MULTI_LINE_COMMENT : '/*' .*? '*/' -> channel(CHANNEL_COMMENTS);

KEYWORD :  'keyword' -> pushMode(IN_STRING_KEYWORD);

LBRACE : '{';
RBRACE : '}';
SEMICOLON : ';';

mode IN_STRING_KEYWORD;
STRING_WHITESPACE : WHITESPACE -> skip;
STRING_SINGLE_LINE_COMMENT : SINGLE_LINE_COMMENT -> type(SINGLE_LINE_COMMENT), channel(CHANNEL_COMMENTS);
STRING_MULTI_LINE_COMMENT : MULTI_LINE_COMMENT -> type(MULTI_LINE_COMMENT), channel(CHANNEL_COMMENTS);
STRING_LBRACE : LBRACE -> type(LBRACE), popMode;
STRING_SEMICOLON : SEMICOLON -> type(SEMICOLON), popMode;
STRING : ((QUOTED_STRING ('+' QUOTED_STRING)*) | UNQUOTED_STRING);
fragment QUOTED_STRING : (SINGLEQUOTED_STRING | DOUBLEQUOTED_STRING);
fragment UNQUOTED_STRING : (~[ \t;{}/*'"\n\r] | '/' ~[/*] | '*' ~['/'])+;
fragment SINGLEQUOTED_STRING : '\'' (~['])* '\'';
fragment DOUBLEQUOTED_STRING : 
    '"'
      (
        (~["\\]) |
        ('\\' [nt"\\])
      )* 
    '"'
;

Am I perhaps trying to do too much inside the lexer and should just feed what I currently have to the parser and let it handle the above mess?

Edit01

Thanks to 280Z28, I decided to fix the above lexer grammar by getting rid of my STRING token and simply settling for QUOTED_STRING, UNQUOTED_STRING and the operator CONCAT. The rest will be handled in the parser.
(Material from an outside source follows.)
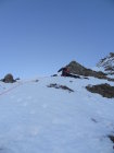 Heute dank kühlen Temperaturen und sehr guter Abstrahlung alles schön hart gefroren. Unseres Erachtens ist dies eine wichtige Voraussetzung für diese Tour. Ist der Schnee nicht gefroren, könnte der Riss vor dem Schulterstand (sofern er noch Eis drin hat) heikel werden und zudem die Platten über dem Schulterstand zu einem Eiertanz werden.

I also added an additional lexer mode in order to distinguish between CONCAT and UNQUOTED_STRING.

lexer grammar test;

@members {
    public static final int CHANNEL_COMMENTS = 2;
}

WHITESPACE : (' ' | '\t' | '\n' | '\r' | '\f') -> skip;
SINGLE_LINE_COMMENT : '//' (~[\n\r])*  -> channel(CHANNEL_COMMENTS);
MULTI_LINE_COMMENT : '/*' .*? '*/' -> channel(CHANNEL_COMMENTS);

KEYWORD :  'keyword' -> pushMode(IN_STRING_KEYWORD);

LBRACE : '{';
RBRACE : '}';
SEMICOLON : ';';

mode IN_STRING_KEYWORD;
STRING_WHITESPACE : WHITESPACE -> skip;
STRING_SINGLE_LINE_COMMENT : SINGLE_LINE_COMMENT -> type(SINGLE_LINE_COMMENT), channel(CHANNEL_COMMENTS);
STRING_MULTI_LINE_COMMENT : MULTI_LINE_COMMENT -> type(MULTI_LINE_COMMENT), channel(CHANNEL_COMMENTS);
STRING_LBRACE : LBRACE -> type(LBRACE), popMode;
STRING_SEMICOLON : SEMICOLON -> type(SEMICOLON), popMode;
QUOTED_STRING : (SINGLEQUOTED_STRING | DOUBLEQUOTED_STRING) -> mode(IN_QUOTED_STRING);
UNQUOTED_STRING : (~[ \t;{}/*'"\n\r] | '/' ~[/*] | '*' ~[/])+;
fragment SINGLEQUOTED_STRING : '\'' (~['])* '\'';
fragment DOUBLEQUOTED_STRING : 
    '"'
      (
        (~["\\]) |
        ('\\' [nt"\\])
      )* 
    '"'
;

mode IN_QUOTED_STRING;
QUOTED_STRING_WHITESPACE : WHITESPACE -> skip;
QUOTED_STRING_SINGLE_LINE_COMMENT : SINGLE_LINE_COMMENT -> type(SINGLE_LINE_COMMENT), channel(CHANNEL_COMMENTS);
QUOTED_STRING_MULTI_LINE_COMMENT : MULTI_LINE_COMMENT -> type(MULTI_LINE_COMMENT), channel(CHANNEL_COMMENTS);
QUOTED_STRING_LBRACE : LBRACE -> type(LBRACE), popMode;
QUOTED_STRING_SEMICOLON : SEMICOLON -> type(SEMICOLON), popMode;
QUOTED_STRING2 : QUOTED_STRING -> type(QUOTED_STRING);
CONCAT : '+';

You should include the exact semantics of each type of string in your question (especially unquoted strings). — Sam Harwell
@280Z28, this can be seen from my grammar. Or did you mean in human readable form? — predi
The problem is, if your grammar was working correctly you wouldn't need to ask the question. Including a separate description helps clarify what you are trying to do so I can compare it to what you actually did. :) — Sam Harwell

Sam Harwell Sam Harwell · Accepted Answer · 2013-05-13T13:39:12

Don't perform string concatenation in the lexer. Send the + operator to the parser as an operator. This will make it much easier to eliminate the whitespace and/or comments appearing between strings and the operator.
```
CONCAT : '+';
STRING : QUOTED_STRING | UNQUOTED_STRING;
```
You should be aware that ANTLR 4 changed the predefined HIDDEN channel from 99 to 1, so HIDDEN and CHANNEL_COMMENTS are the same in your grammar.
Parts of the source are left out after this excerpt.